Question à... Zbignew Smoreda. La parole à distance

Quelle différence y a-t-il entre une conversation téléphonique et un échange écrit ? Des études montrent que ce n'est pas leur contenu qui diffère, mais le degré d'engagement des personnes.

Quels sont les usages reconnus de la conversation téléphonique privée ?

Les spécialistes distinguent deux types d'interactions : les appels utilitaires, plutôt courts entre proches, et les échanges interpersonnels, plus longs, qui sont liés à la distance ou à la rareté des contacts. Quand on n'a pas vu quelqu'un depuis longtemps, on va passer par une structure de conversation à plusieurs thèmes : d'abord les demandes d'informations, puis des sujets collatéraux qui vont faire durer l'échange.

Curieusement, c'est la communication à longue distance, celle qui ressemble le plus à la correspondance écrite, qui fait figure d'usage prototypique du téléphone : le téléphone, pense-t-on, sert à abolir l'espace et à entretenir des liens entre les personnes séparées.
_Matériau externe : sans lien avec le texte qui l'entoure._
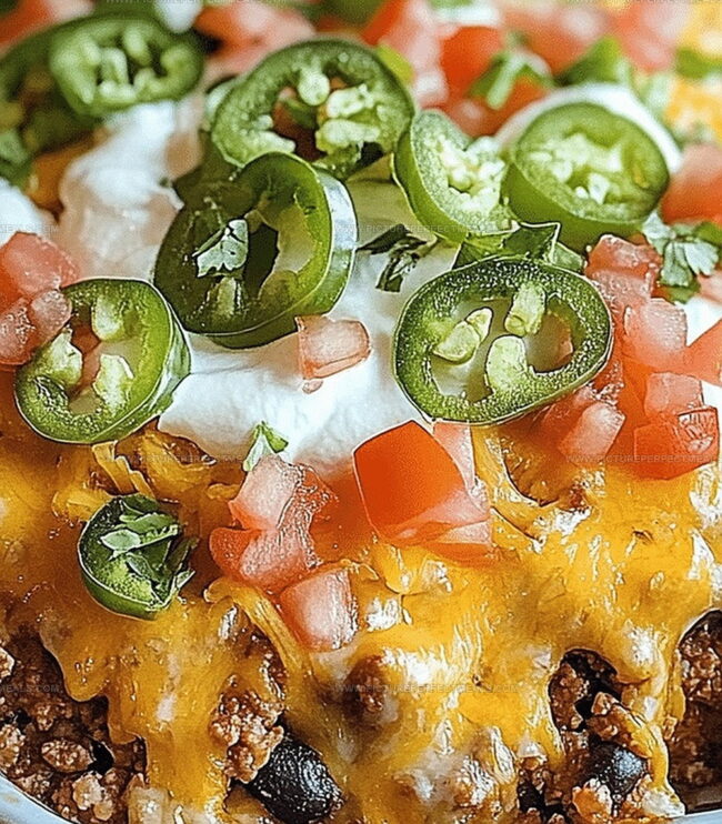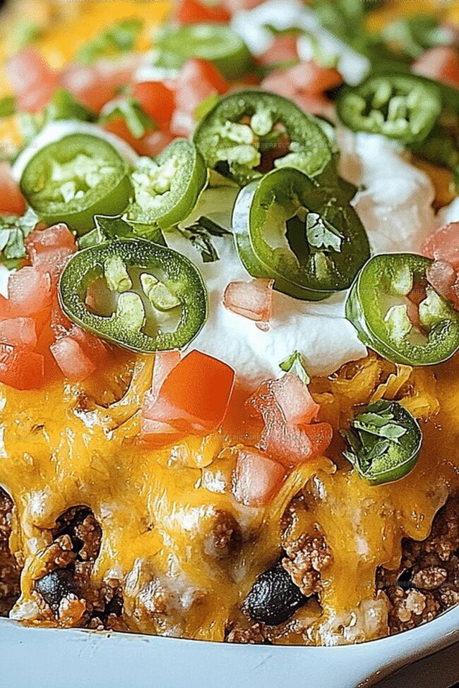 Layers of seasoned ground beef create a delicious taco casserole that promises pure culinary satisfaction.
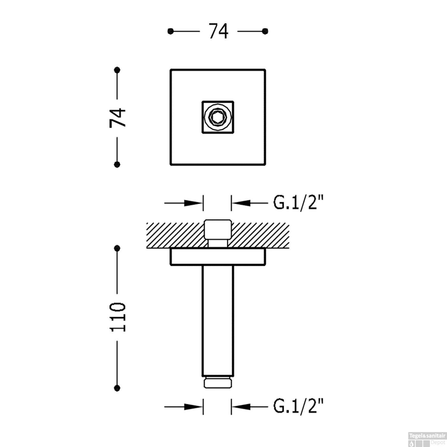 De plafondarm heeft een 1/2” aansluitmaat. Hierdoor toe te passen op vrijwel alle hoofddouches. Om kleurverschil te voorkomen, adviseren wij de combinatie met Tres producten.
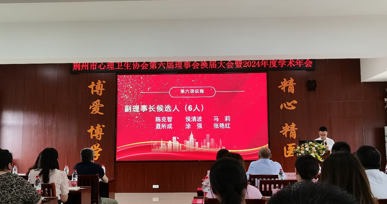 6月14日至15日,荆州市心理卫生协会第六届理事会换届大会暨2024年度学术年会在荆州市精神卫生中心召开。参会人员有新一届理事会、常务理事会推荐候选人,荆州市心理卫生协会会员,荆州市各医院、中小学、大专院校、社会机构等心理健康服务专业人员。学院院长张艳红教授应邀参会,换届会议各项议程依次进行,经投票选举,张院长全票当选为荆州市心理卫生协会第六届理事会副理事长。
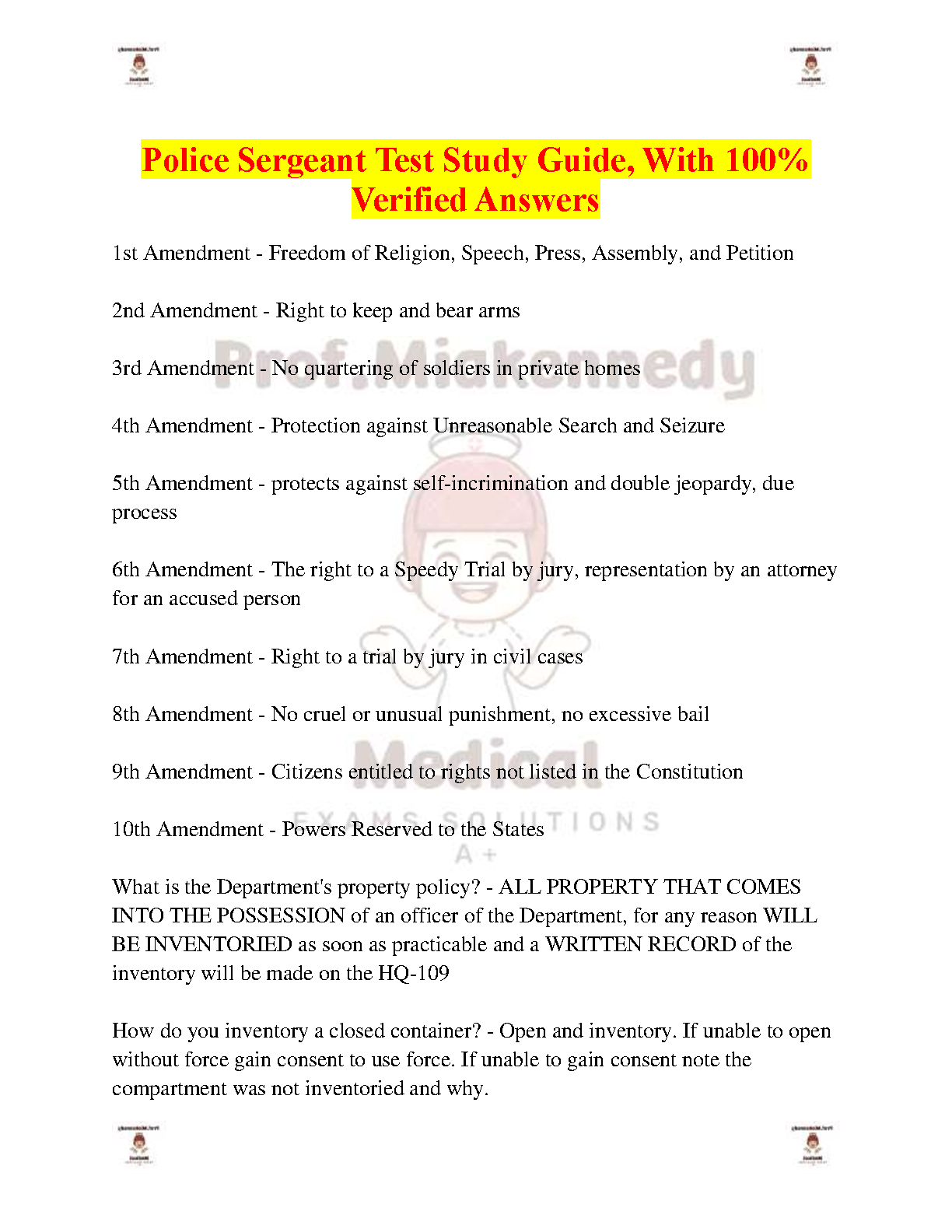 Conquer your Police Sergeant exam with this comprehensive study guide. This resource covers key concepts including constitutional amendments and department property policies, providing verified answers to help you pass on your first attempt. Get exam-ready and avoid resits!
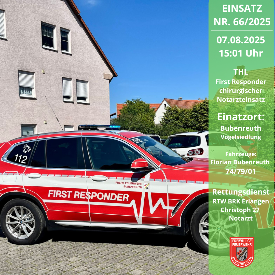 +++ 04.10.2025 / 15:56 Uhr --- Einsatz Nr. 081/2025 --- THL - First Responder / chirurgischer Notarzteinsatz --- Bubenreuth - Kurt-Albert-Straße --- Einsatz für den First Responder +++
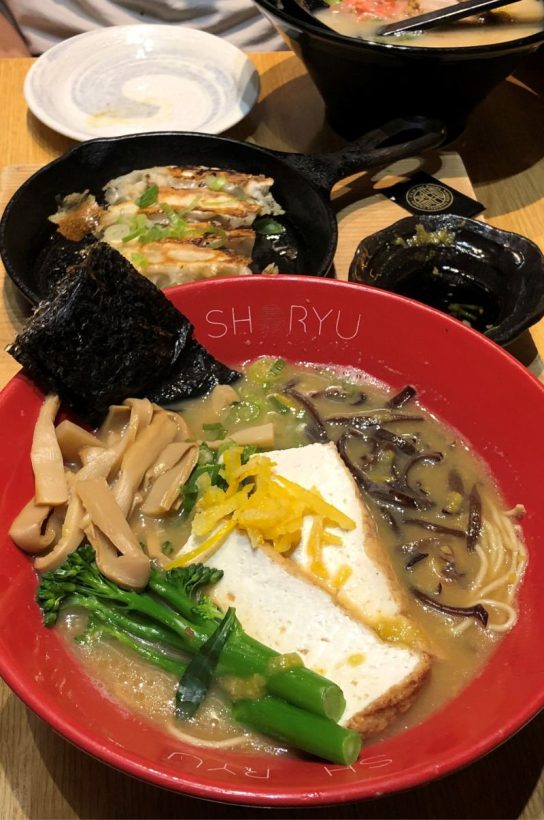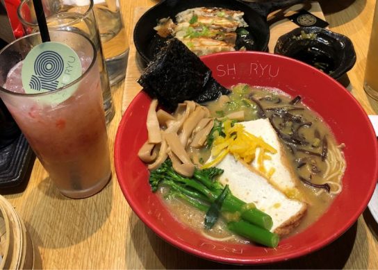 Yuzu white natural, tonyu soy milk, atsuage tofu, kikurage mushrooms, menma bamboo shoots, tender broccoli, nori seaweed and fresh yuzu zest at Shoryu Ramen, Soho, London

En réalité, les études montrent que la téléphonie à usage privé sert surtout dans le cercle des relations les plus proches. Les gens avec qui l'on parle en face et de vive voix sont aussi ceux que l'on appelle le plus souvent.
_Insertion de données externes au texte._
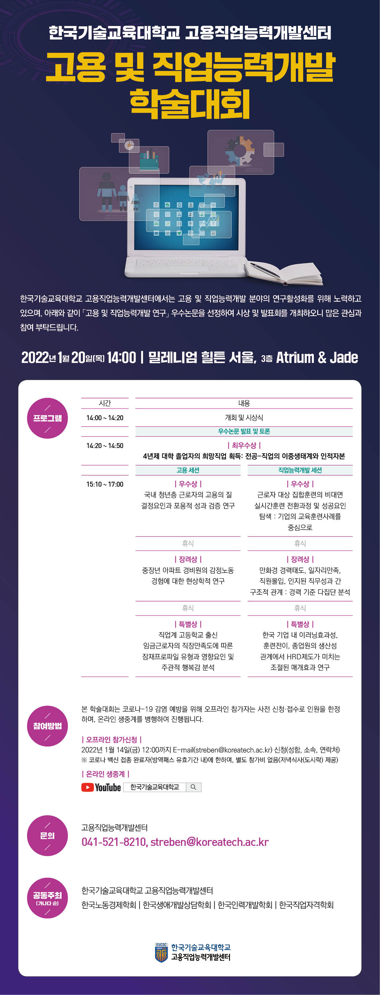 - [한국기술교육대학교] 한국기술교육대학교 고용직업능력개발센터 고용 및 직업능력개발 학술대회 개최 안내
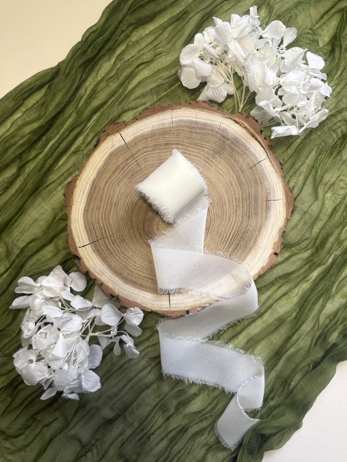 Panglica de matase cu margini nefinisate, un accesoriu ce oferă articolelor creative un plus de eleganță și rafinament. Poate fi folosită cu ușurință în decorarea diverselor articole de papetărie (invitații, felicitări), articole florale (buchete, lumânări), cadouri, etc.
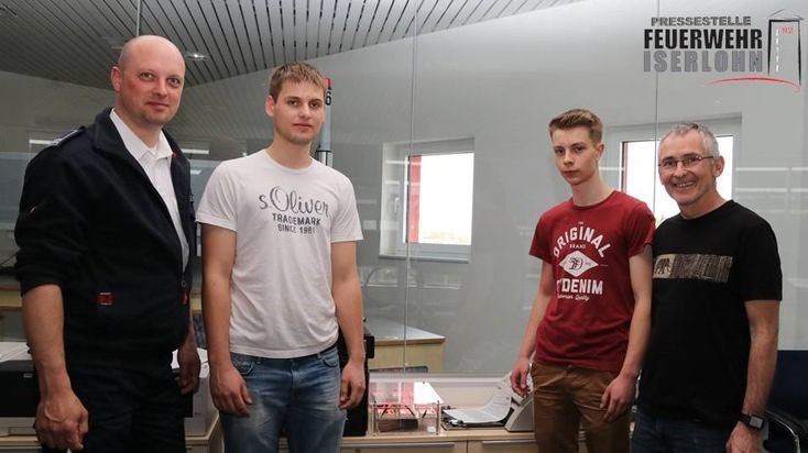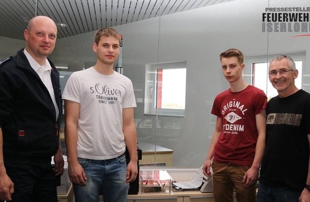 Zur Übergabe und Inbetriebnahme der mit Lichtschranken und jeder Menge Elektronik ausgestatteten Alarmeinrichtung kamen jetzt (v.r.n.l.) Olaf Igla (Lehrer), Tobias Pospischil und Ole Schmüse als Abordnung der Klasse 15 ME zur Feuerwache. Christopher Rosenbaum (links), verantwortlich für die Einsatzzentrale der Iserlohner Feuerwehr, freute sich über das gelungene Projekt und sprach der Delegation, stellvertretend für die gesamte Klasse, seinen herzlichen Dank aus. "Alle Schüler waren mit viel Ehrgeiz und großem Engagement bei der Sache", so Olaf Igla. "Endlich einmal ein Projekt, das nach der Fertigstellung einen wirklich sinnvollen Dienst verrichten wird".
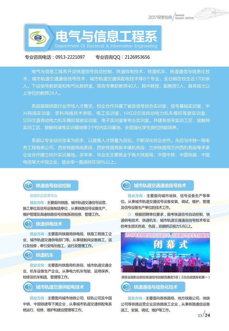 陕西铁路工程职业技术学院电气与信息工程系专业
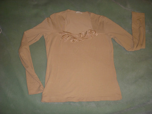 Кофточка Marks&Spencer, 95 % вискоза, 5 - эластан. цвет карамель, размер 48-50. По горловине оч. красивая вышивка в тон. Жаль, не мой размер.
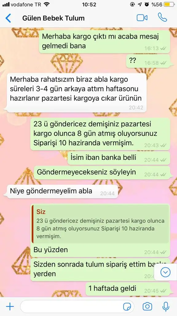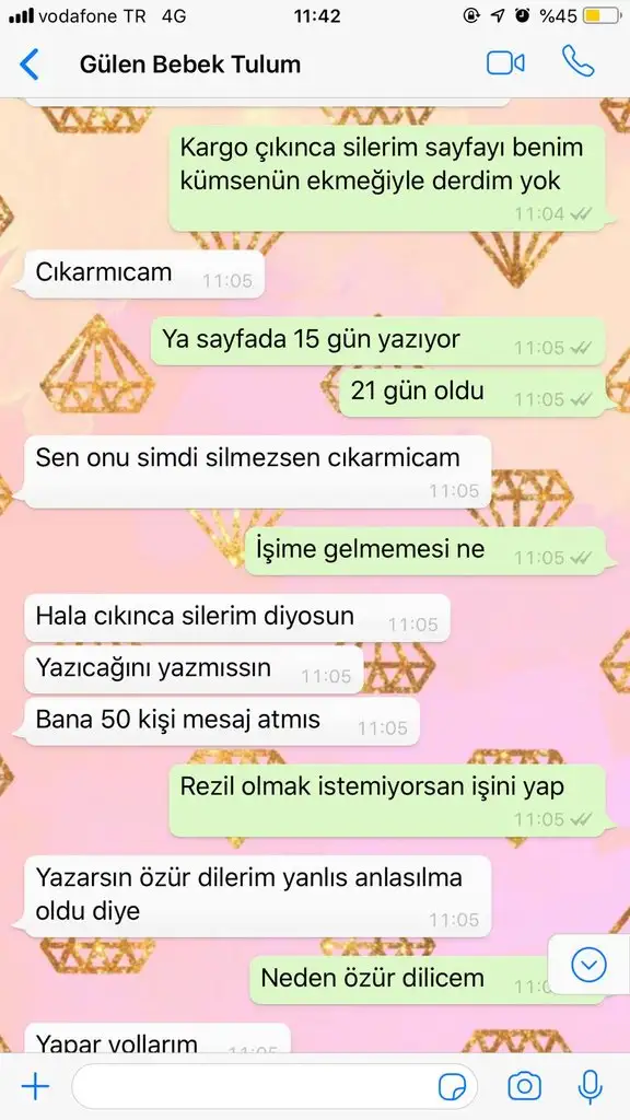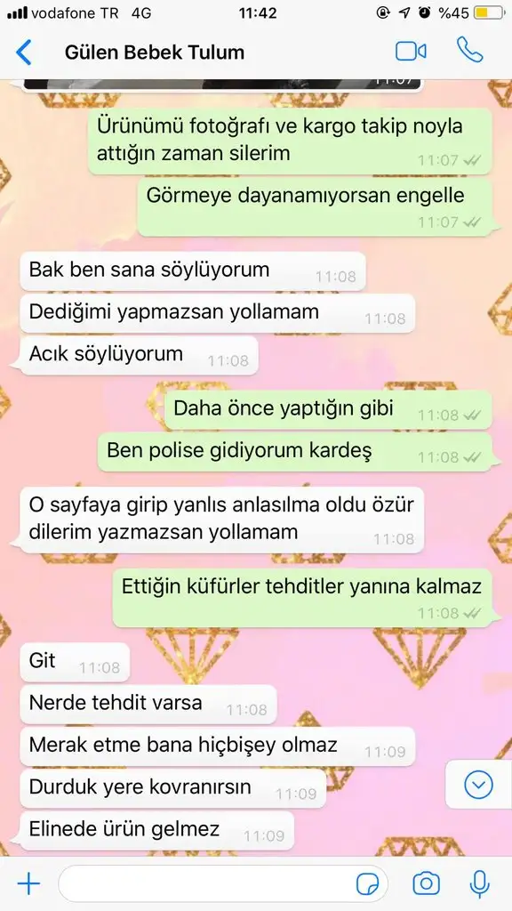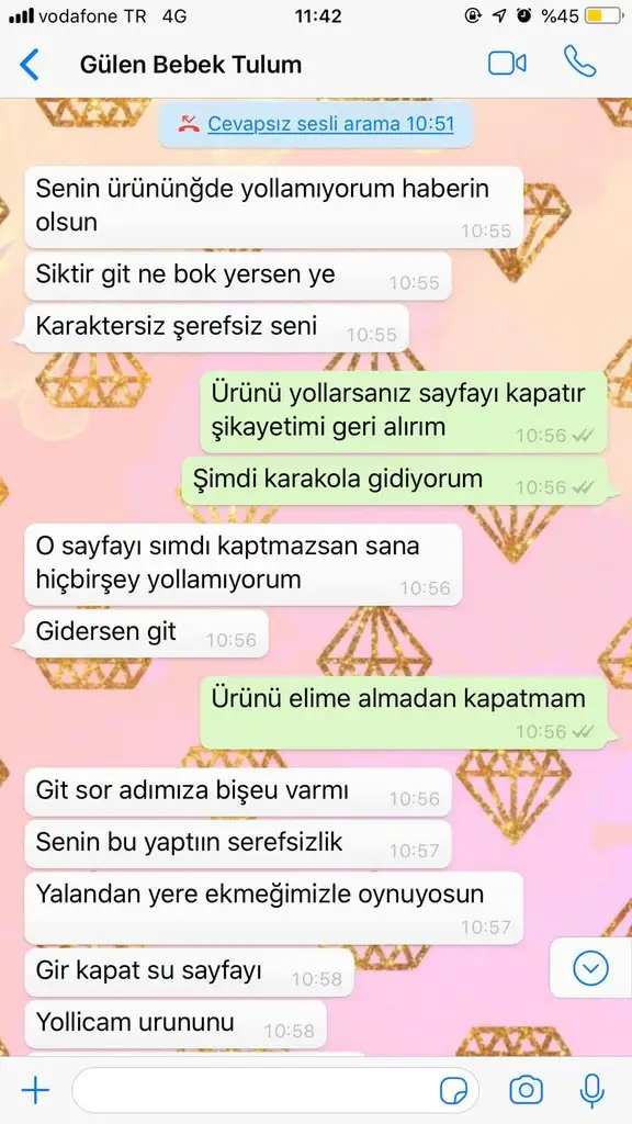 Her iki tarafın mesajını da okudum siz direkt paylaşmışsınız ama satıcı eksik paylaşım yapmış hatta bazıları ürünleri beğendiğini falan yazmış bazıları sizi haklı bulmuş. Hamile bir bayana bu şekilde konuşması son derece talihsizlik olmuş sonuçta kendisi satıcı ve parasını da peşin göndermişsiniz. Savcılığa gidip hakaret davası açabilirsiniz kesin kazanırsınız zaten.

Ces appels téléphoniques ont à peu près le même contenu que les conversations de la vie quotidienne. D'abord, il y a tout ce qui relève de l'organisation des activités. Pour se retrouver, il faut aussi s'appeler. Cet usage régulateur a été décuplé avec le mobile : maintenant, les gens ne se donnent plus rendez-vous à une heure et en un lieu précis. Ils font de la navigation d'approche et s'appellent dix fois jusqu'à ce qu'ils se retrouvent.
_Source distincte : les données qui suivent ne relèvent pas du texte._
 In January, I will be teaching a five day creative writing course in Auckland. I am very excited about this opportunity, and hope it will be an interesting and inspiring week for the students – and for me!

Qu'est-ce qui distingue fondamentalement un échange écrit et un échange oral ?

On peut le comprendre d'autant mieux aujourd'hui que les limites de l'oral et de l'écrit sont assez facilement brouillées par la technique. Par exemple avec les messageries informatiques, vous pouvez obtenir des vitesses d'échange qui se rapprochent de celle d'une conversation. Du coup, les énoncés eux-mêmes se transforment et sont aussi allusifs et imprécis que peuvent l'être des phrases dites à l'oral. Si vous ralentissez le rythme des échanges, comme avec le courriel, alors vous vous retrouvez avec le style correspondance écrite, quand même plus formel. On pense donc que le facteur temps est essentiel : c'est lui qui permet ou non de maintenir l'idée d'un contexte stable, d'une coprésence partagée par les deux interlocuteurs. Dès que la continuité temporelle se brise, alors le contexte aussi, et il faut avoir recours à un style plus écrit, une suite d'engagements et de désengagements qui sont indiqués par des mots d'ouverture (« bonjour ») et de congé (« cordialement », « bisou »...).